#### Your instructions
The answer should contain only the lines from the beginning of the entries through the line that holds "市场风险情绪快速恶化。11月", given again exactly, with no pictures.
═══ Provided entries ═══
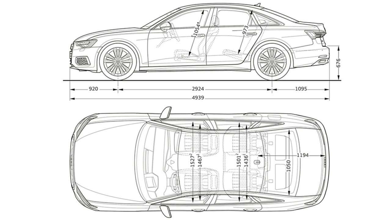 Ауди А6 2019-2020 подросла в размерах, свободного места стало больше. Внутри ширина пространства достигает 1,5 метра. У задних пассажиров есть небольшой дисплей настройки климата, прикуриватель и два USB-порта.
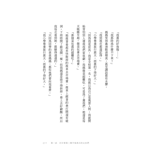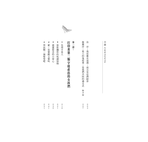 身為女孩,在臺灣,我們幾乎都是這麼長大的。有著類似的故事,也有著同樣的徬徨與無奈。作者在媒體圈工作數年,採訪過無數人,才發現最荒誕離奇的是你我身邊的故事,而那各種無人願意修復的異常,卻是我們日復一日的日常,漸漸習以為常。
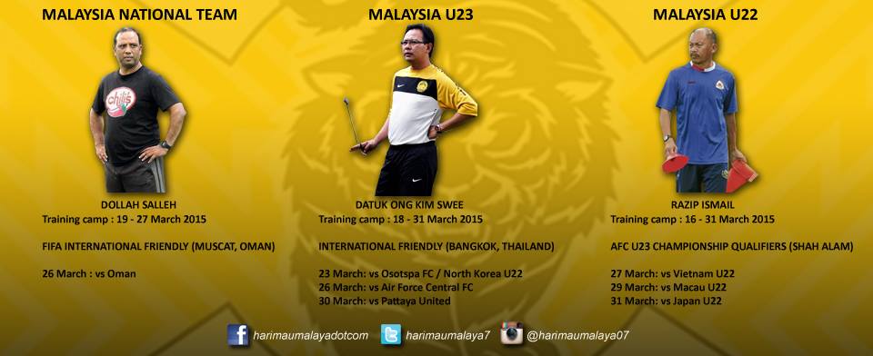ตารางการแข่งขันฟุตบอลของทีมชาติ Malaysia /U23/U22 (March 2015)
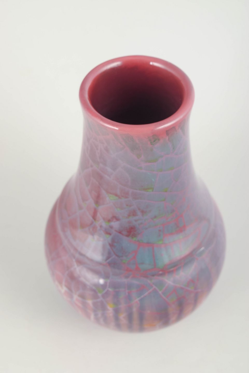 Karl Hansen Reistrup for Kähler, stor vase med lusterglasur.Imponerende balusterformet vase i stentøj med dyb rosa og violet lusterglasur samt dekorativ krakelering, udført i Kählers karakteristiske kunstneriske stil fra slutningen af 1800-tallet.
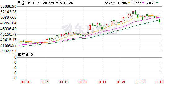 市场风险情绪快速恶化。11月18日,亚太市场全线重挫。日经225指数一度跌超3%,MSCI亚太指数下跌2%至221.28点,韩国首尔综合指数跌超3%,澳大利亚标普/ASX 200指数一度跌2%。纳斯达克100指数期货一度跌幅扩大至1%,道指期货跌0.5%,标普500指数跌0.7%。A股和港股集体下挫。虚拟币市场惨遭血洗,比特币一度跌破9万美元,以太坊一度跌破3000美元。
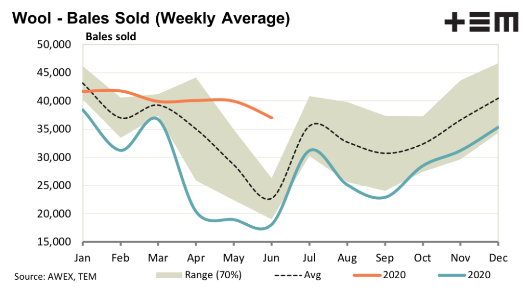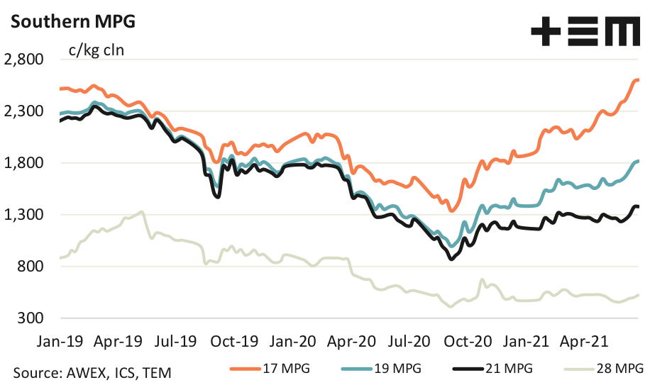 The supply of 19 micron wool looks to have been supplemented in recent months with grower stock as well as the natural increase in supply coming from improved seasonal conditions during the past 18 months (on average – not necessarily in every region). In US dollar terms the 19 MPG is holding at levels last seen in mid-2019 which is a solid recovery from the lows of 2020.
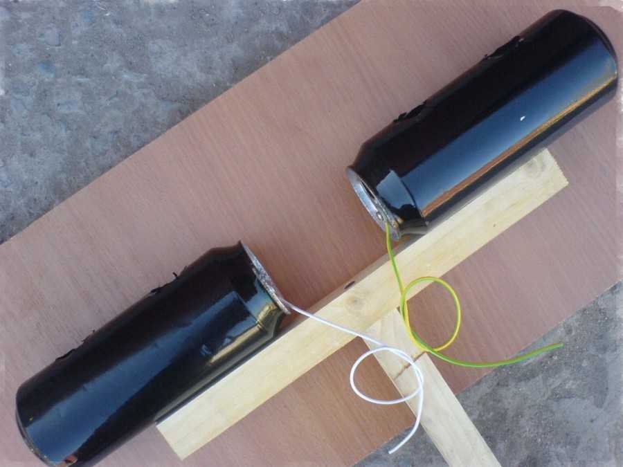 Закрепляем банки (с точки зрения теории радиоприема, теперь это симметричные вибраторы) таким образом, чтобы между торцами с кабелем было ровно 75 мм. Это оптимальный зазор для приема аналогового и цифрового телевидения.
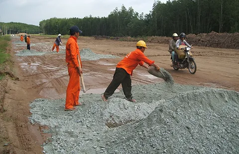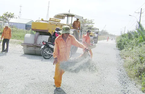 Trải đá đường Rừng Sác (lúc đó là đường Duyên Hải - Nhà Bè) những năm 1990. Ảnh: LĐ
═══
#### Your response
 Ауди А6 2019-2020 подросла в размерах, свободного места стало больше. Внутри ширина пространства достигает 1,5 метра. У задних пассажиров есть небольшой дисплей настройки климата, прикуриватель и два USB-порта.
 身為女孩,在臺灣,我們幾乎都是這麼長大的。有著類似的故事,也有著同樣的徬徨與無奈。作者在媒體圈工作數年,採訪過無數人,才發現最荒誕離奇的是你我身邊的故事,而那各種無人願意修復的異常,卻是我們日復一日的日常,漸漸習以為常。
ตารางการแข่งขันฟุตบอลของทีมชาติ Malaysia /U23/U22 (March 2015)
 Karl Hansen Reistrup for Kähler, stor vase med lusterglasur.Imponerende balusterformet vase i stentøj med dyb rosa og violet lusterglasur samt dekorativ krakelering, udført i Kählers karakteristiske kunstneriske stil fra slutningen af 1800-tallet.
 市场风险情绪快速恶化。11月18日,亚太市场全线重挫。日经225指数一度跌超3%,MSCI亚太指数下跌2%至221.28点,韩国首尔综合指数跌超3%,澳大利亚标普/ASX 200指数一度跌2%。纳斯达克100指数期货一度跌幅扩大至1%,道指期货跌0.5%,标普500指数跌0.7%。A股和港股集体下挫。虚拟币市场惨遭血洗,比特币一度跌破9万美元,以太坊一度跌破3000美元。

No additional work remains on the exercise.